By Any Means Necessary, or BAMN, took issue with the State School Reform Office's list of low-performing schools and stood outside Detroit's Osborne High School.

"The state's answer well let's just shut it all down and give them nothing. No!" said Steve Conn, a Detroit Public Schools teacher and BAMN supporter.

The at-risk list includes 38 schools -- 26 of them in Detroit -- that were in the bottom 5 percent for academic performance for the past three years in a row.

"The young people need help; they need support; we need resources in the schools. We need a pay scale for teachers so they can recruit new teachers. The last thing we need is more school closings that will further decimate the city," Conn said.

Detroit school leaders reacted to the announcement inside Coleman A. Young Elementary -- a school now off the list -- trying to find ways to get other schools off that priority list.
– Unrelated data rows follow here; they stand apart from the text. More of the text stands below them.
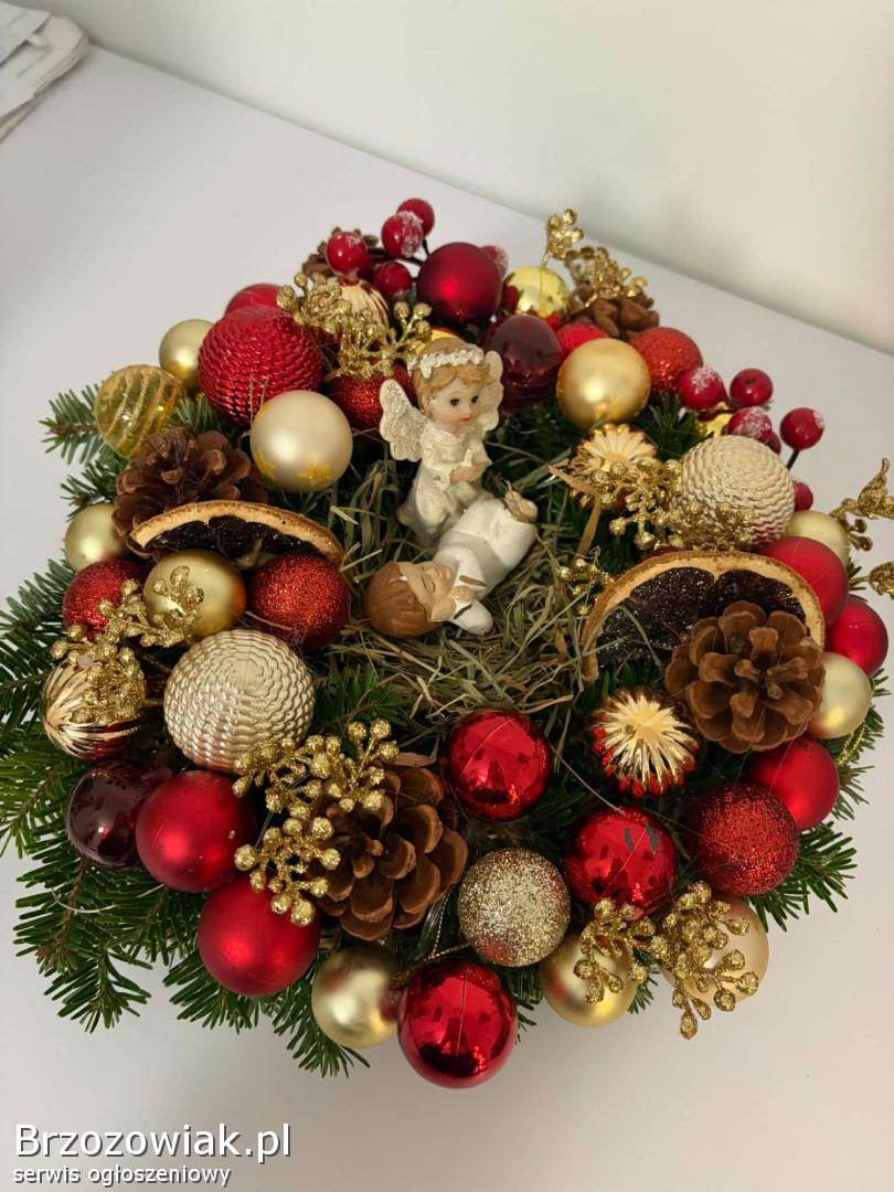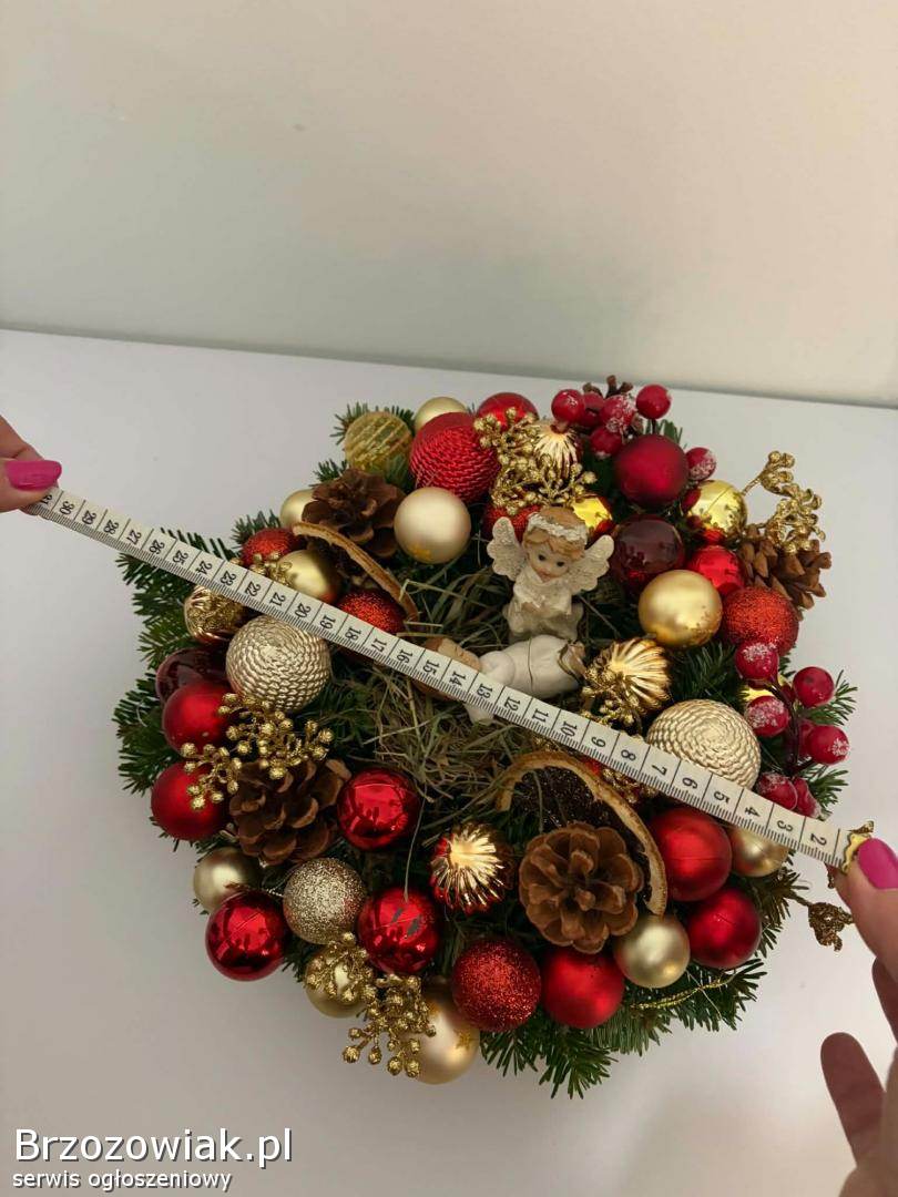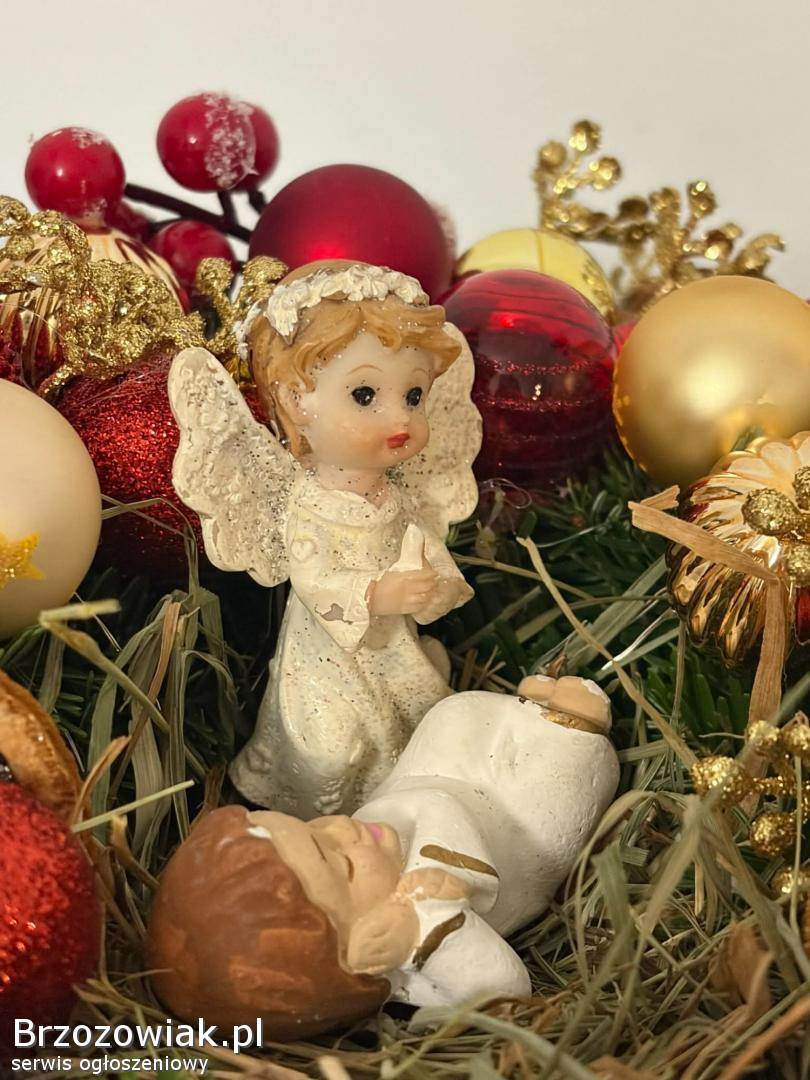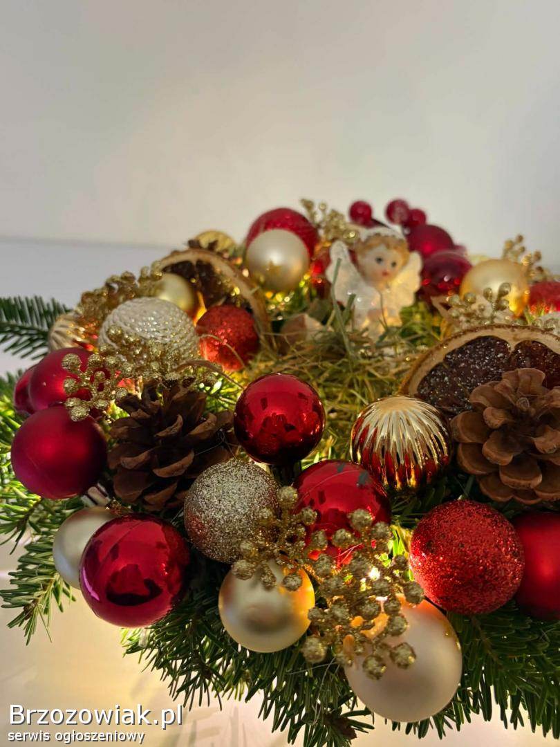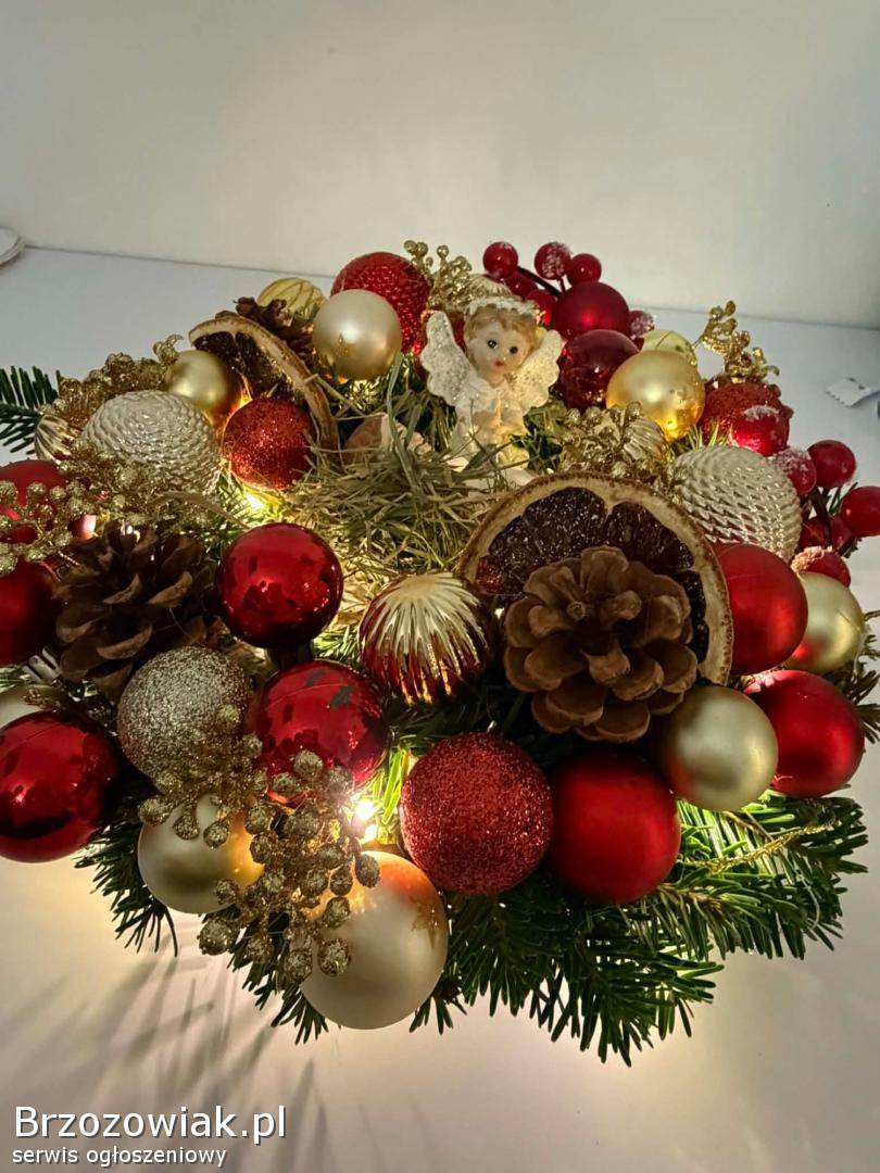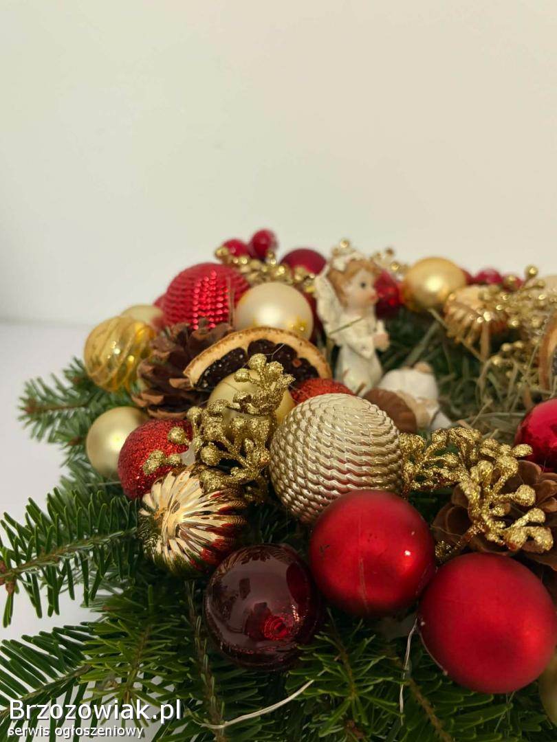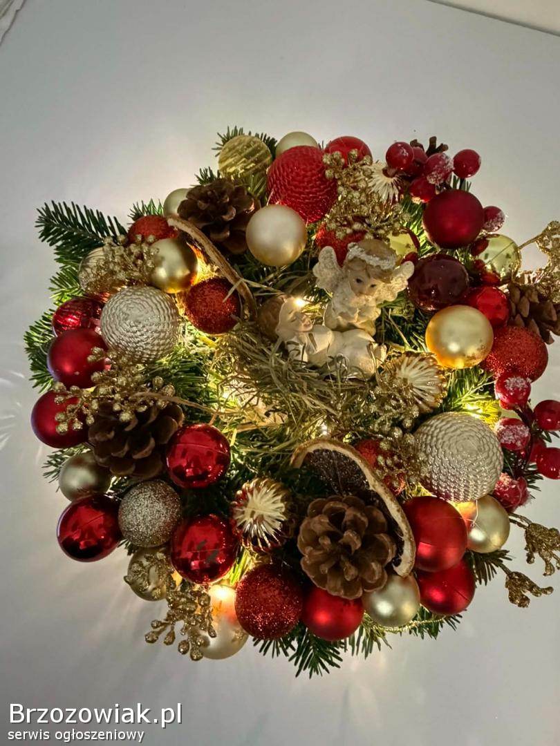 Sprzedam wianek bożonarodzeniowy na stół i wymiarach podanych na zdjęciu. W kolorach złota i czerwieni, zrobiony na gorącym kleju. Posiada światełka widoczne na zdjęciu( baterie paluszki grube).
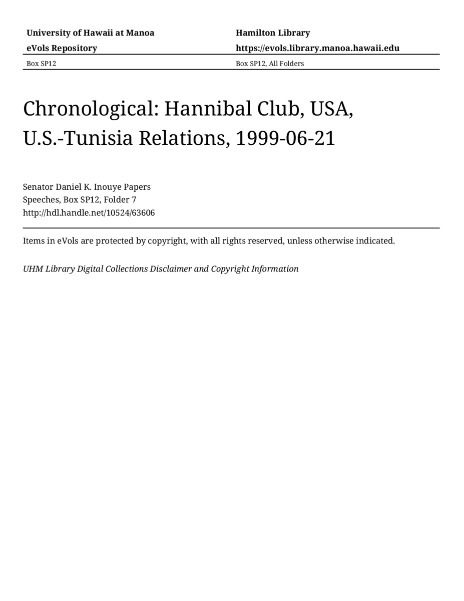 Hannibal Club, USA, U.S.-Tunisia Relations, June 21, 1999, MANUSCRIPT-HCPC00011, Speeches, Chronological, Box SP12, Folder 7, Senator Daniel K. Inouye Papers, Hawaiʻi Congressional Papers Collection, University of Hawaiʻi at Mānoa Library, Honolulu, HI. https://congressarchives.org/catalog/10524_63606 (accessed March 21, 2026).
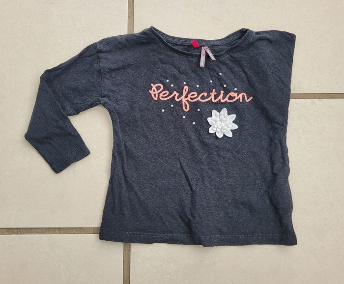 T-shirt manches longues, de couleur gris foncé noir, avec inscription et fleur, de la marque Orchestra, taille 2 ans (92 cm), en très bon état. Article lavé pour la vente.
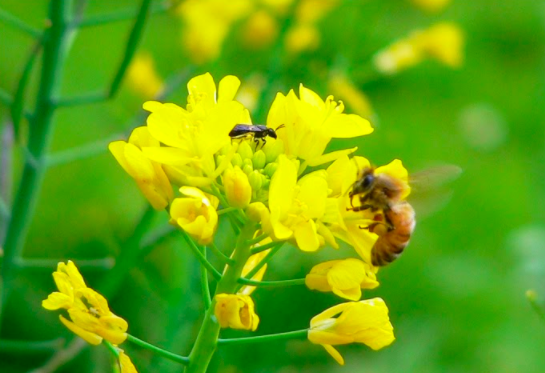 - Some bees dance while in the air to spread the word about a good source of nectar.
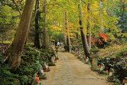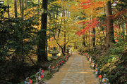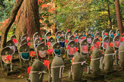 ■参道周辺 千体地蔵が真新しい前掛けを掛けてもらって迎える。
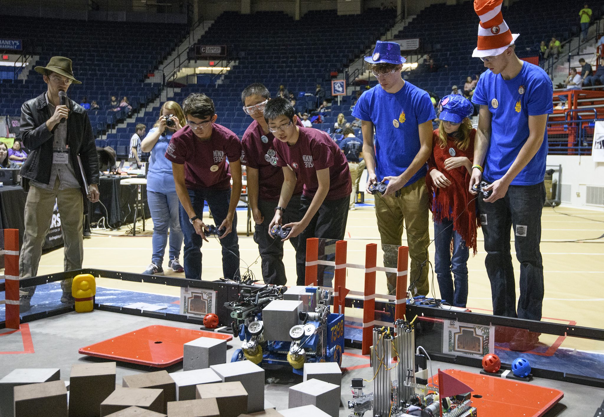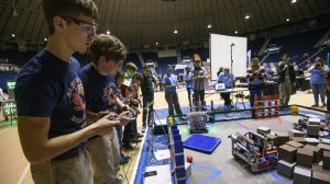 Student teams face off against each other during the annual FIRST Tech Challenge robotics competition at the University of Mississippi. The 2020 competition is set for Feb. 28-29, with Saturday’s rounds open to the public 10 a.m.-5 p.m. in Tad Smith Coliseum. Photo by Thomas Graning/Ole Miss Digital Imaging Services
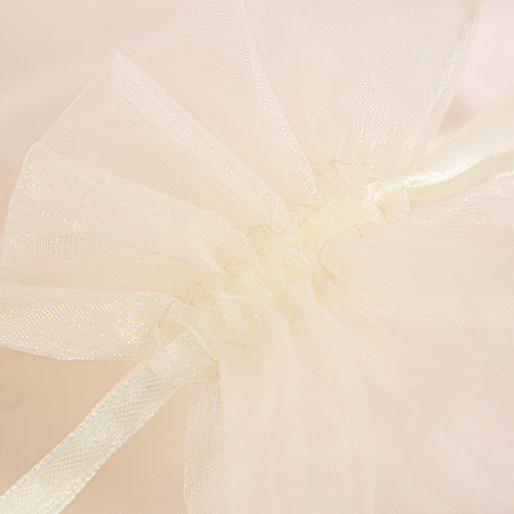 The drawstring at the bag's opening features a matching satin ribbon, its smooth texture perfectly complementing the organza's ethereal lightness. The knot forms naturally and effortlessly, eschewing neatness for a touch of handmade warmth. The ribbon's soft sheen catches the light with a delicate glow, embedding the ritual of “gentle wrapping” within understated details.
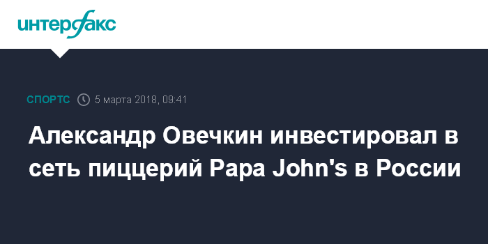 Москва. 5 марта. INTERFAX.RU - Хоккеист сборной России и клуба НХЛ "Вашингтон Кэпиталз" Александр Овечкин стал одним из инвесторов американской сети Papa John's в России, СНГ и Центральной Европе, сообщают "Ведомости", приводя слова президента PJ Western (мастер-франчайзи Papa John's) Кристофера Уинна.
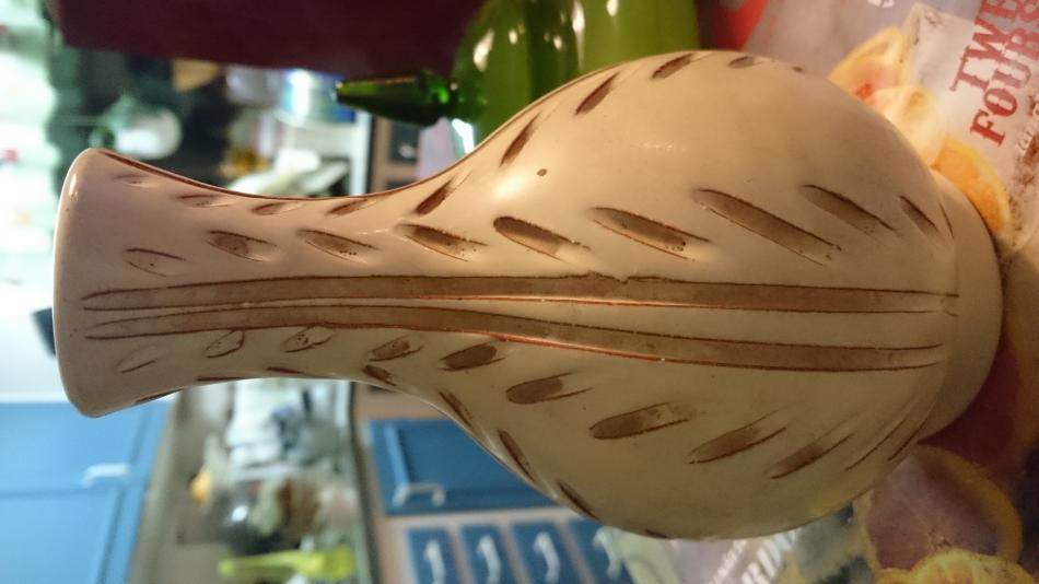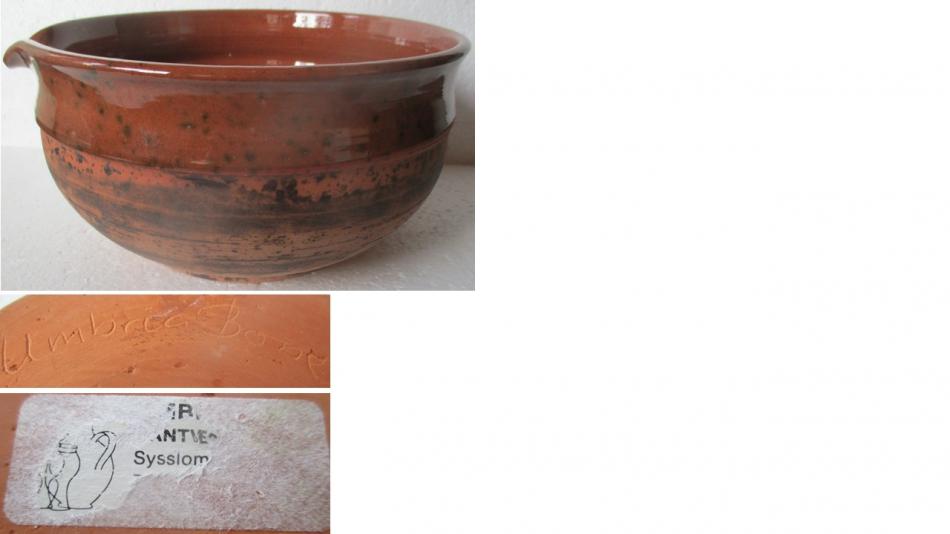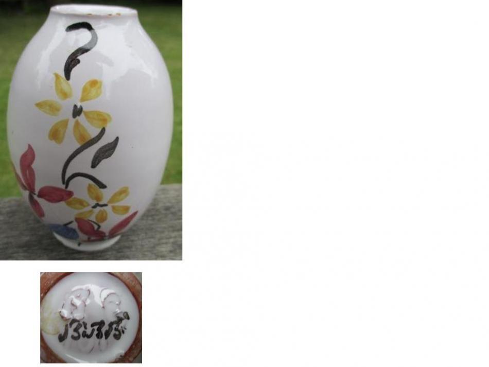 Med hjälp av uppgifter från Melker är det inte svårt att beskriva ett fat från Gamla Upsala keramikverkstad och där Karin Karlsson i sgraffitoteknik gjort kungsängsliljor. Folke Bolanders stämpel FB är lite otydlig men fullt läsbar. 13,5 cm Ø.

The Detroit Federation of Teachers President Ivy Bailey called the decision to close the schools another blow to the progress they're trying to make.

"Some of our children have been a school, and every year the school closed. We can't continue to have that," she said.

While the folks with BAMN plan to hold more demonstrations throughout the city, there's also a learning summit scheduled Jan. 31  and Feb. 1. Representatives from out-of-state schools plan to discuss ways to stop these closures.

"It us time for Detroit to come together and for us to do what's right for our children," Bailey said.